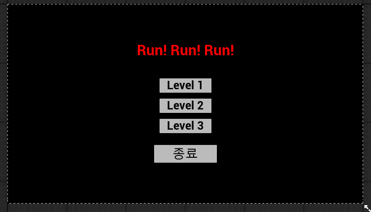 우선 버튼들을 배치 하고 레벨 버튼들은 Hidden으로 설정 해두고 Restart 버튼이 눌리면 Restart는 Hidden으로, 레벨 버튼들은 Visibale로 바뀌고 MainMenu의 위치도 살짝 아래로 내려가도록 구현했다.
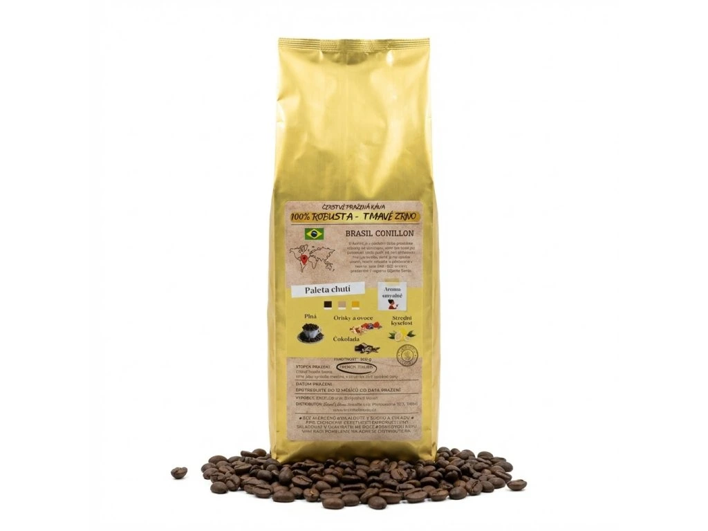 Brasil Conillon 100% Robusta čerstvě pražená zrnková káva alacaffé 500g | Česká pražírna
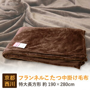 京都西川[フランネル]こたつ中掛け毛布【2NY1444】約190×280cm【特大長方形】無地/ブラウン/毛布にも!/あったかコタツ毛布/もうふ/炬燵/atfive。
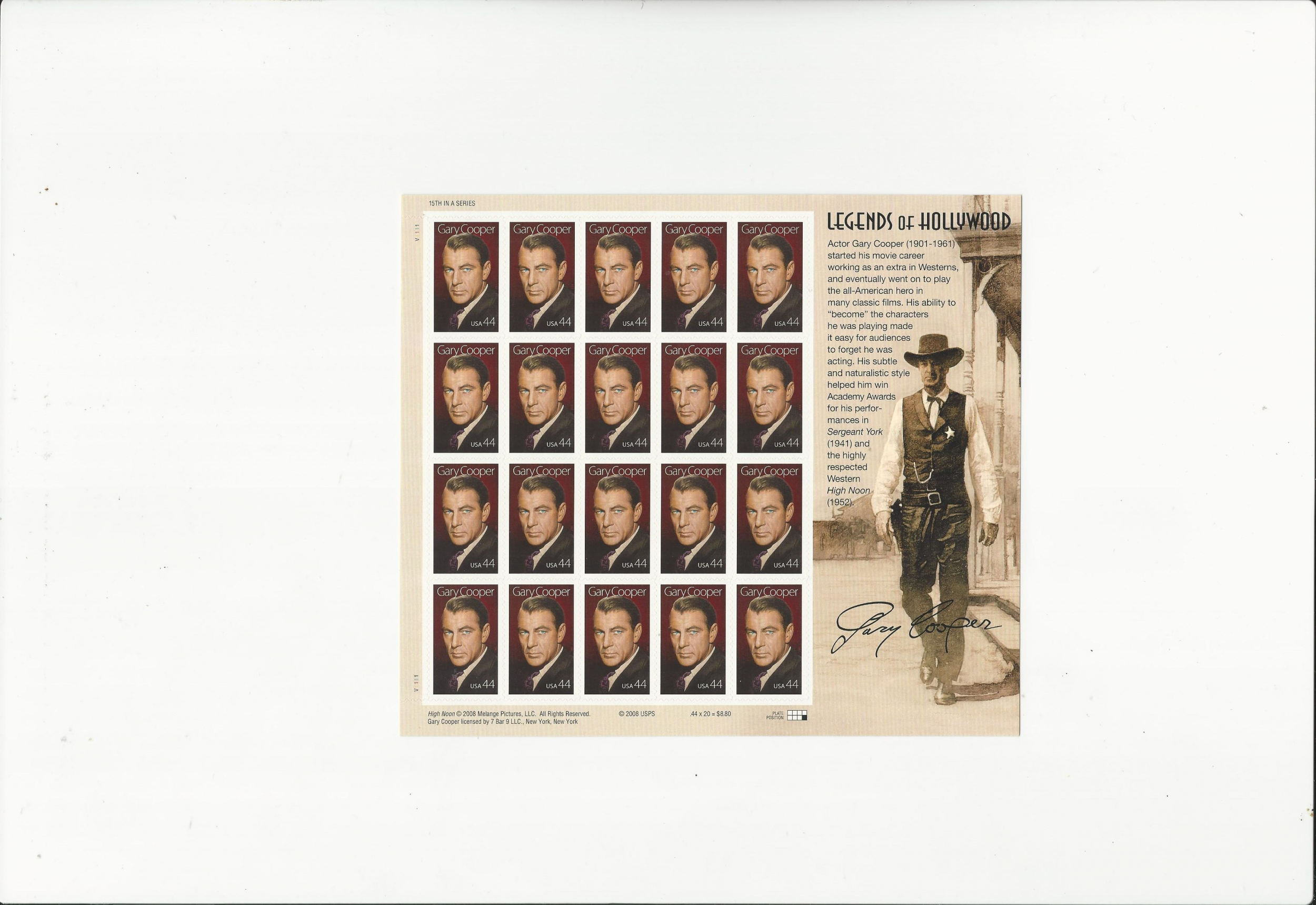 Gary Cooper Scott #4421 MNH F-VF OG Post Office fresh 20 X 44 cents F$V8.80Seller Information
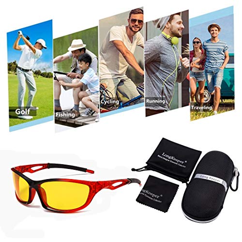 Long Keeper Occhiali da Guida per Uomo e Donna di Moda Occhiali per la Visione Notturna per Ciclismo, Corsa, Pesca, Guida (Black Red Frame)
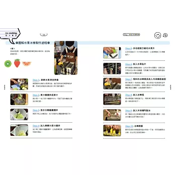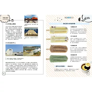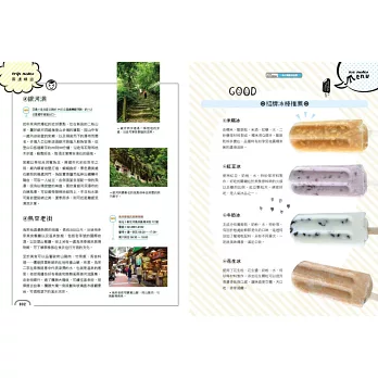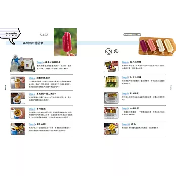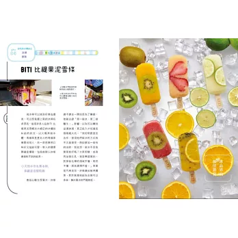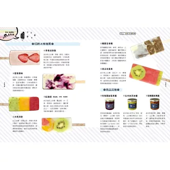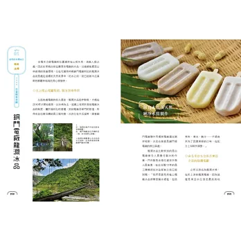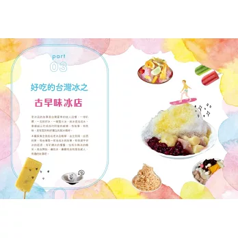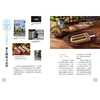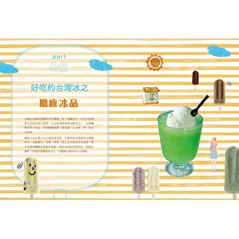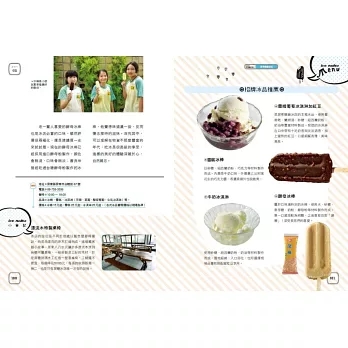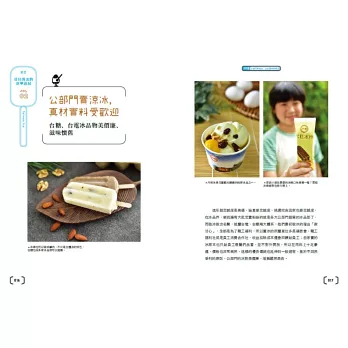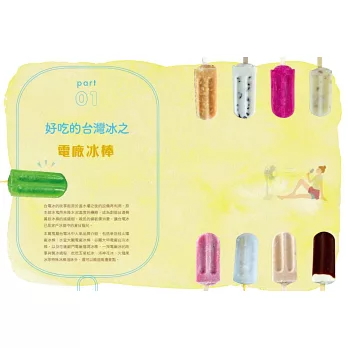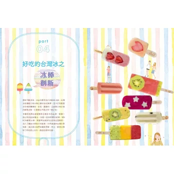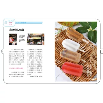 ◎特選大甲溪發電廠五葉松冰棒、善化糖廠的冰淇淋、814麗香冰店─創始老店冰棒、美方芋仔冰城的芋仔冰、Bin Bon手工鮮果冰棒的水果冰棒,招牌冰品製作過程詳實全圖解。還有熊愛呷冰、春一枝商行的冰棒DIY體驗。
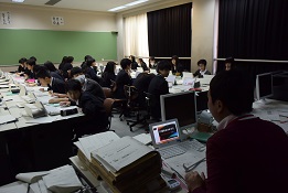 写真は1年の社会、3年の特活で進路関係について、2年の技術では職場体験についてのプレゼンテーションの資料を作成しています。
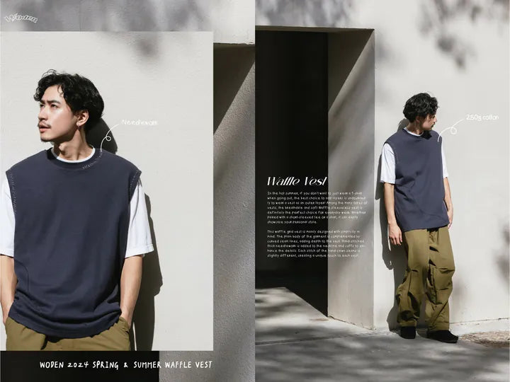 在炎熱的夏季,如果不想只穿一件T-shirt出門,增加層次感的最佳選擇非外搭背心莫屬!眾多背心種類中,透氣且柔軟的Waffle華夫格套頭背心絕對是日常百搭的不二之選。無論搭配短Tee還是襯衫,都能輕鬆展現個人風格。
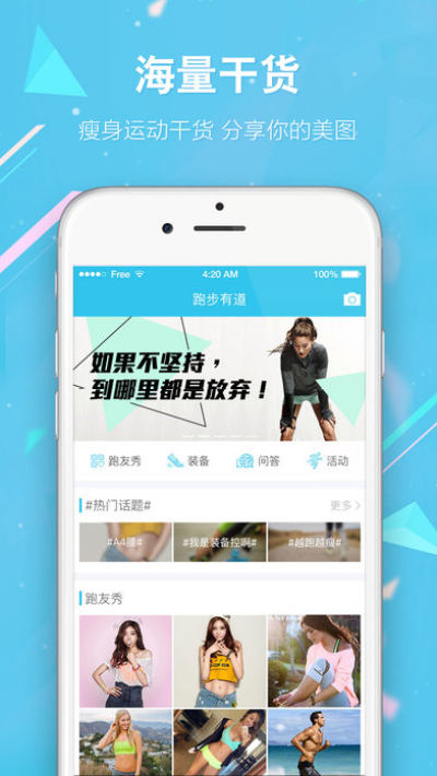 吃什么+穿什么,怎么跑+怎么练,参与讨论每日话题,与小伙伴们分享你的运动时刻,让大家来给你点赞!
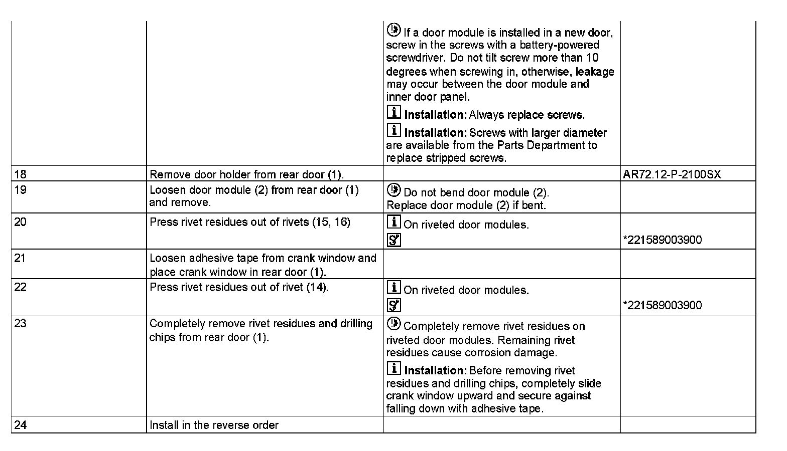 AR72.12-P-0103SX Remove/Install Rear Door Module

· · · · · · ·

Drop the images; return the entries above exactly as they appear.

 우선 버튼들을 배치 하고 레벨 버튼들은 Hidden으로 설정 해두고 Restart 버튼이 눌리면 Restart는 Hidden으로, 레벨 버튼들은 Visibale로 바뀌고 MainMenu의 위치도 살짝 아래로 내려가도록 구현했다.
 Brasil Conillon 100% Robusta čerstvě pražená zrnková káva alacaffé 500g | Česká pražírna
 京都西川[フランネル]こたつ中掛け毛布【2NY1444】約190×280cm【特大長方形】無地/ブラウン/毛布にも!/あったかコタツ毛布/もうふ/炬燵/atfive。
 Gary Cooper Scott #4421 MNH F-VF OG Post Office fresh 20 X 44 cents F$V8.80Seller Information
 Long Keeper Occhiali da Guida per Uomo e Donna di Moda Occhiali per la Visione Notturna per Ciclismo, Corsa, Pesca, Guida (Black Red Frame)
 ◎特選大甲溪發電廠五葉松冰棒、善化糖廠的冰淇淋、814麗香冰店─創始老店冰棒、美方芋仔冰城的芋仔冰、Bin Bon手工鮮果冰棒的水果冰棒,招牌冰品製作過程詳實全圖解。還有熊愛呷冰、春一枝商行的冰棒DIY體驗。
 写真は1年の社会、3年の特活で進路関係について、2年の技術では職場体験についてのプレゼンテーションの資料を作成しています。
 在炎熱的夏季,如果不想只穿一件T-shirt出門,增加層次感的最佳選擇非外搭背心莫屬!眾多背心種類中,透氣且柔軟的Waffle華夫格套頭背心絕對是日常百搭的不二之選。無論搭配短Tee還是襯衫,都能輕鬆展現個人風格。
 吃什么+穿什么,怎么跑+怎么练,参与讨论每日话题,与小伙伴们分享你的运动时刻,让大家来给你点赞!
 AR72.12-P-0103SX Remove/Install Rear Door Module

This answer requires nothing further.